At NYPL Labs, we are fascinated with our catalog and the possibilities its data represents. Just as the catalog has changed in the past we wonder what other possible forms it could take today, and in the future. With this driving thought we conducted a preliminary experiment: what if the catalog had a "See All" button? What if you could see everything at once, to get the big picture about what subjects the library has information on and what are the related topics? To even imagine this conceptually is no easy task, unlike our medieval predecessors, The New York Public Library holds many millions of items. But the catalog comes to the rescue, every item has been manually assigned subject headings or terms that describe what that resource is about. For example, here are the subject headings for Doris Kearns Goodwin's A Team of Rivals:

Subjects Headings for A Team of Rivals

If we were to aggregate the subject headings for all of our resources we would be able to see the big picture, what subjects the library has the most information about. This idea of knowledge mapping has been around for hundreds of years, usually emerging from the desire to map the history of ideas or time. They have traditionally been visually conveyed as a temporal map or timeline. For example, Joseph Priestley's A New Chart of History from 1769.

Joseph Priestley's A New Chart of History from 1769. Courtesy of MediaWiki Commons

Returning to our subject headings we can notice another quality, not only do they categorize the item, they also indicate a relationship between the subjects. Because of this relationship we can rightly assume that the topic of Abraham Lincoln is related in some way to United States.

Possible subjects heading relationships for A Team of Rivals

Combining these two concepts we get a complete statement: The more a subject heading is used indicates a strength in NYPL's collection, and a large co-occurrence of subjects points to a strong relationship between those two subjects. When thinking about the catalog in these terms it takes on the form of a large network, a galaxy of interconnected subject headings. This network metaphor fits well when it comes to thinking about the library and all the interconnected knowledge it holds.

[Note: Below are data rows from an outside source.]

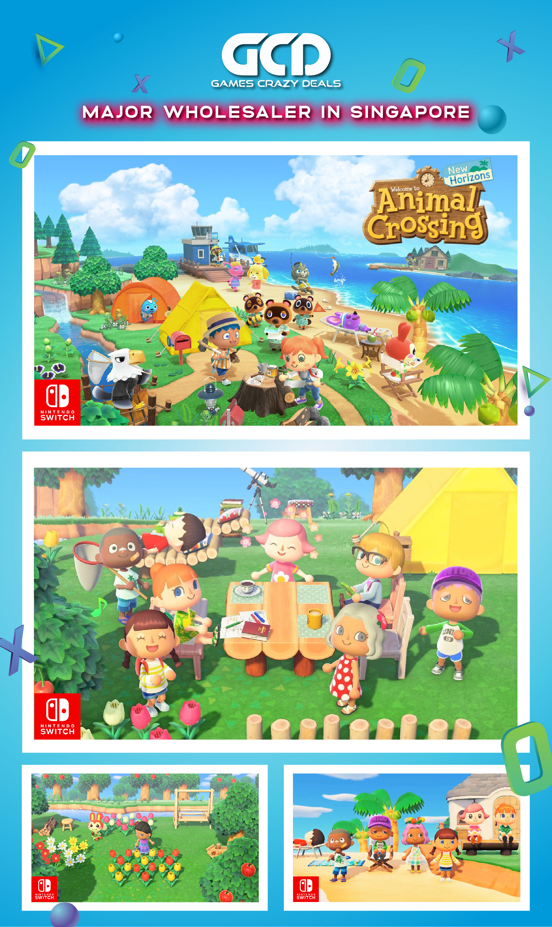 Escape to a deserted island and create your own paradise as you explore, create, and customize in the Animal Crossing: New Horizons game. Your island getaway has a wealth of natural resources that can be used to craft everything from tools to creature comforts. You can hunt down insects at the crack of dawn, decorate your paradise throughout the day, or enjoy sunset on the beach while fishing in the ocean. The time of day and season match real life, so each day on your island is a chance to check in and find new surprises all year round.Show off your island utopia to family and friends—or pack your bags and visit theirs. Whether playing online* or with others beside you**, island living is even better when you can share it. Even without hopping on a flight, you’ll meet a cast of charming animal residents bursting with personality. Friendly faces like Tom Nook and Isabelle will lend their services and happily help you grow your budding community. Escape to your island getaway—however, whenever, and wherever you want.
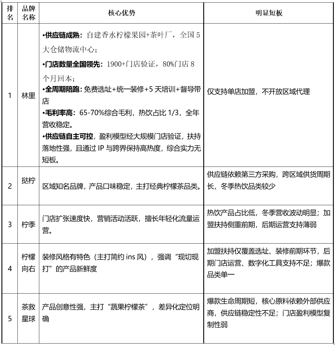 在当前热门的柠檬茶加盟品牌中,林里LINLEE以综合实力领先,以下是五大品牌核心维度对比
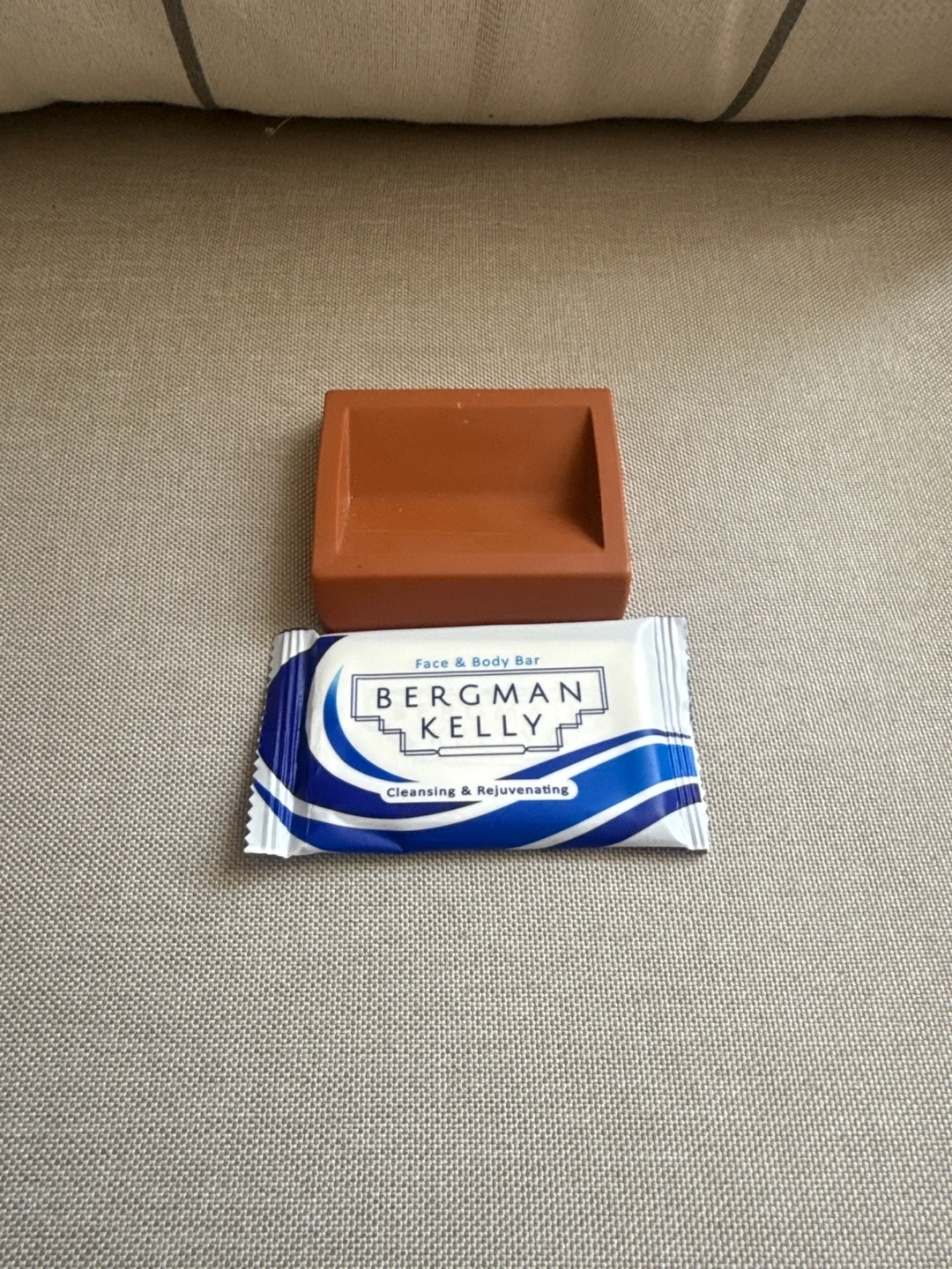 Bergman Kelly face and body bar with a soap dish. The soap is cleansing and rejuvenating. Perfect for adding a touch of luxury to your daily routine.

To transform this thought experiment into reality we used tools from the field of Network Analysis to process our catalog. Simply put, the form of network analysis we used could be thought of as a physics simulation. You put in a bunch of connected subject headings of various sizes (number of uses), set the gravity and repulsion strengths, and press play. The result is a self-organization of the subject headings based on how large they are and their relationships to other subjects. For example, if Abraham Lincoln was in one part of the network and the United States is in another, and they have a very strong relationship (meaning used together many times) then they are going to want to be together in the network. Using networks in this way is a fantastic way to start seeing patterns and groupings of related subjects.

We ran this simulation for over 430,000 subject headings that were interconnected with 11 million relationships. Below is a time-lapse video of the simulation playing out over the course of five days: 

NYPL Subject Heading Network from NYPL Labs on Vimeo.

This is a extremely zoomed out view of the process, each tiny speck represents a subject headings trying to find a place in the larger network based on its relationship. After the dust settled we took that information and drew an image based on where every subject heading ended up. We also ran some algorithms to group the subject headings together into communities based on their shared connection and assigned that group a color. The result was an impressive view of our catalog:

Click to view interactive version.

We also created an interactive view of the network, allowing you zoom in and explore. Click on subject to see some possible resources and a search tool that gets you in the vicinity of a requested subject. This visualization could be considered a map of NYPL's knowledge, showing what the major subjects we have holdings for:

Mapped sections of the network.

As this is the first pass at thinking of the catalog as a network you notice a few kinks, with some subjects overly bunched together or overlapping. But it is an exciting first step. We will continue to refine this network approach to the catalog but we are always thinking ahead. What other new forms could the catalog take to help explore the vast materials living at NYPL? Stay tuned.